I said I’d argue for more table syntaxes but didn’t exactly mention why. I’ll try to list them now, in order from most important to least.

  1. Pipe
  • Seems to be the most obvious one that I think we can all agree to have right?
  • That being said, bp_, I still think having some more alternate syntaxes (below) in the spec is beneficial, and doesn’t affect backwards compatibility, since we could have those in addition to pipe tables.
  • Again, I would like to a see a reason to not include multimarkdown’s colspanning here since it easily allows for horizontal grouping, which is used quite commonly in tables.
  1. Simple (from pandoc’s markdown)
  • Allows for a very simple readable syntax that doesn’t need to resort to pipes. Less powerful, but if that’s all one needs, it’s much easier/faster for them to do simple tables, right?
  1. Multiline (from pandoc’s markdown again)
  • Sort of an extension of the simple syntax which is still very useful due to allowing multiple lines in a cell, unlike in any other syntax (except for grid tables, which I refer to below).
  • For example, using lists in a table cell is common.
  • The syntax also looks very similar to what’s commonly used to style tables in academia. (No vertical lines that pipe tables have).
  1. CSV
  • Pipes look ugly when unaligned being the main reason I think?
  • So the same as pipe tables, but with commas instead of pipes?
    • But I’m not sure if mofosyne/anyone still wants ‘compact headers’ for comma delimited tables?

  1. Grid Tables
  • Initially I thought that if this makes the spec, emacs users lives would become very easy and therefore it’s worth it.
  • However, putting it in the spec means people who don’t use emacs might be presented with such a table, which they might need to edit themselves…
  • Since it’s quite difficult to do so without an advanced editor, maybe it shouldn’t be in the spec? Thoughts? (I’m not an emacs user though.)
4 Likes

Except of course for where major contributors to the spec and @jgm himself have stated several times they were looking to standardise on what other implementations were doing and keep much backwards-compatibility in.
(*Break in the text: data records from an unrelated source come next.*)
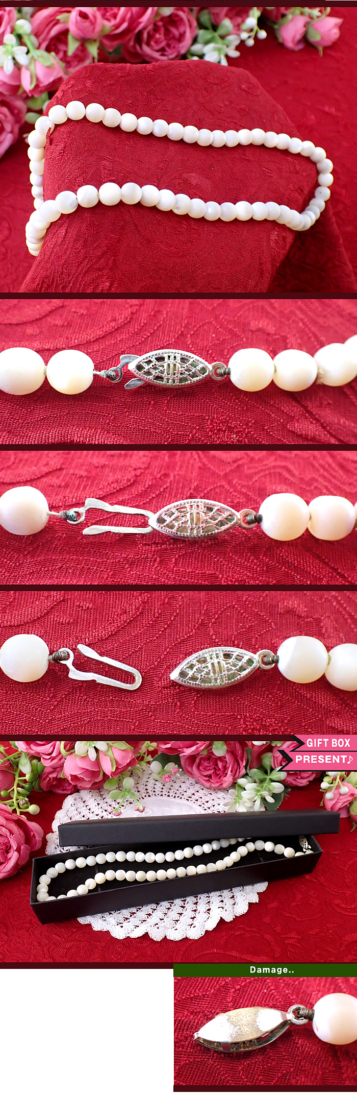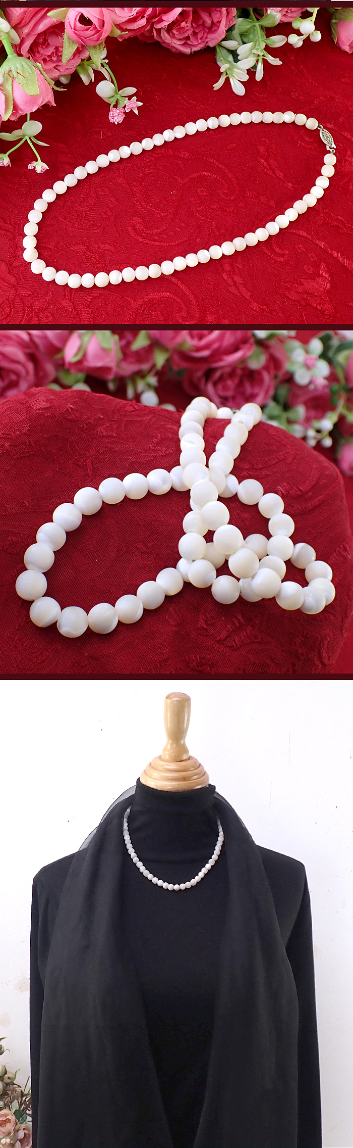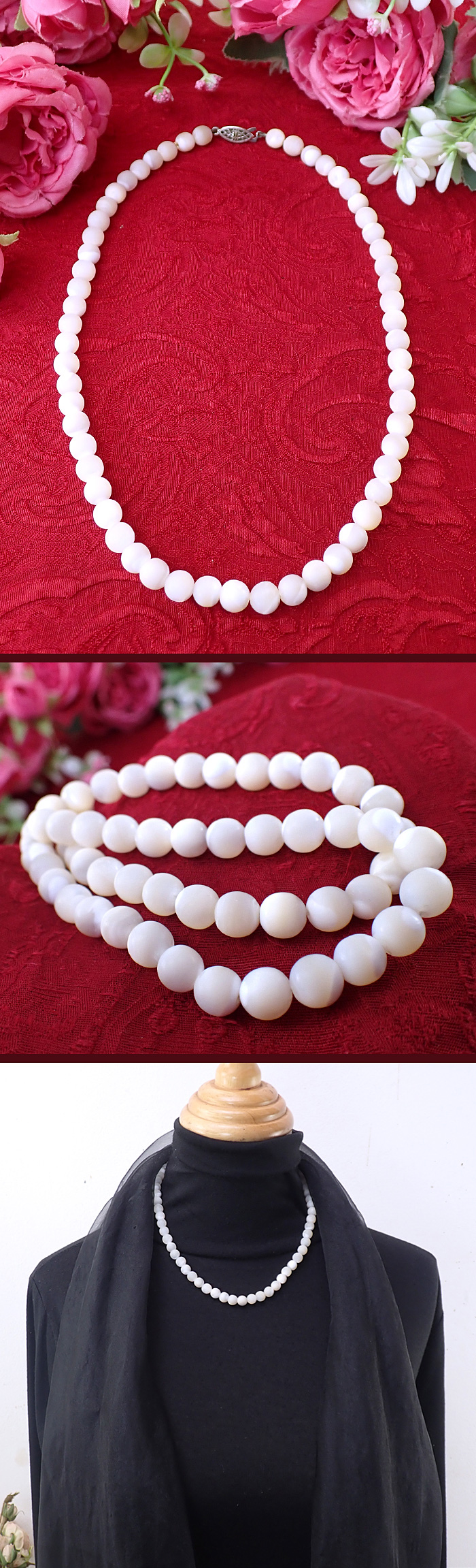 直径0.8cmもある大粒のマザーオブパールが58個も連なっていて豪華ですね。
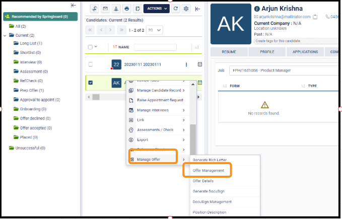 - Offer management from candidate action menu
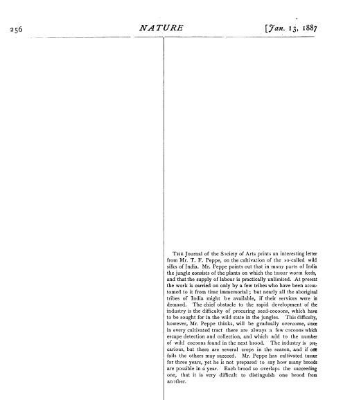 [Wild Silks of India], Peppe, T. F. Nature, Vol. 35, January 13, 1887, 1 page. CD (HWDA09). Posted June 17, 2004. SAMPLE PAGE. File size 412 KB PDF

Even then it makes sense to include tables in the spec in some form.

4 Likes

has @jgm mention anything about why they didn’t include tables?

I’m not saying there should be only one syntax, but it would probably easier to start with one, and if we have to pick one, we should pick the one that users of those services that will be picking up CommonMark first are already used to.

I believe the goal is for an almost silent transition from m******n to CommonMark, with only side cases being changed for the better.

3 Likes

Do you mean like the third reply in this thread? Perhaps they didn’t consider tables a ‘core’ feature because gruber’s original didn’t include any table syntax?